Chalkboard Declarations

First, let me begin by saying that I believe in self-expression via writing. Words are the most effective means of communicating how we feel, right? It’s kind of a no-brainer that I, of all people, would encourage my children to write.

So with that in mind, I painted an entire wall in Joe’s room with chalkboard paint.

It’s been fun to find their silly little drawings. Joe’s nearly perfect attempts to recreate Chomp from Super Mario World. Gwen’s weird-looking princess people with something resembling an antenna springing forth from their heads. A series of wobbly lines drawn by Kate and placed directly over the artwork of her siblings thus eliciting screams of protest and angry pleas for me to make her stop.

Sometimes Gwen is permitted to sleep on the top bunk in Joe’s room. These are the nights when her heart swells with joy and she beams with giddy delight at his invitation for a sleepover. We know that giggles and fake farts sounds are part of the deal. Dave and I accept that we’ll be required to stand at the bottom of the stairs and issue several warnings to settle down. Of course we know this, but boy, do those two children share a special bond. We love to see them loving each other.

So last week, during one of their sleepovers, Dave and I let them giggle and make fart sounds for a bit too long. Mostly because the giggles had turned to uncontrollable belly laughs. The deep and uncontrollable kind that can be so rare for Joe as he struggles with ADHD and anxiety and emotions. He’s a serious guy. So when he laughs so hard that he’s gasping for air, we let him and we share a glance and a chuckle before finally issuing the “that’s enough now” statement.

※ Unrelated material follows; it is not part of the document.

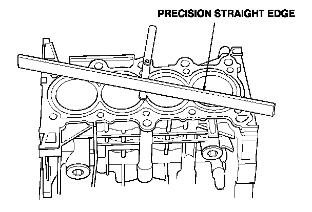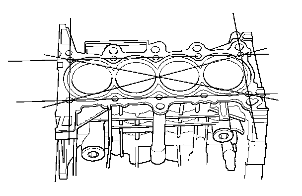 6. Check the top of the engine block for warpage. Measure along the edges, and across the center as shown.

To tell you the truth, I didn’t give those belly laughs much thought the next morning. They had become a warm memory, filed away for use at some future date when I attempt to recall what Joe and Gwen sounded like at ages 7 and 5. When I need to pull that memory out because I’m pining for these days. The very days we are experiencing right now. The ones that parents of grown children tell me I will miss. I believe them. I do. But when you’re in the thick of it, it is hard to embrace that sentiment. Despite the wistful expression that washes over the face of a stranger when they see me herding my noisy flock through the grocery store, the look that comes right before they say, “I remember those days.” They say things like this as they stare at my children, not really seeing them at all, but traveling back in time to spend just a moment with their little ones courtesy of a warm memory filed away long ago.

When a complete stranger remarks that they miss their little ones, I pause. I do. I pause because I know I’ll feel the same way one day. Mostly because my naughty little brood makes me laugh. Despite their decidedly fresh behavior and inappropriate language, I will miss them terribly when they become pimply and gangly-limbed humans.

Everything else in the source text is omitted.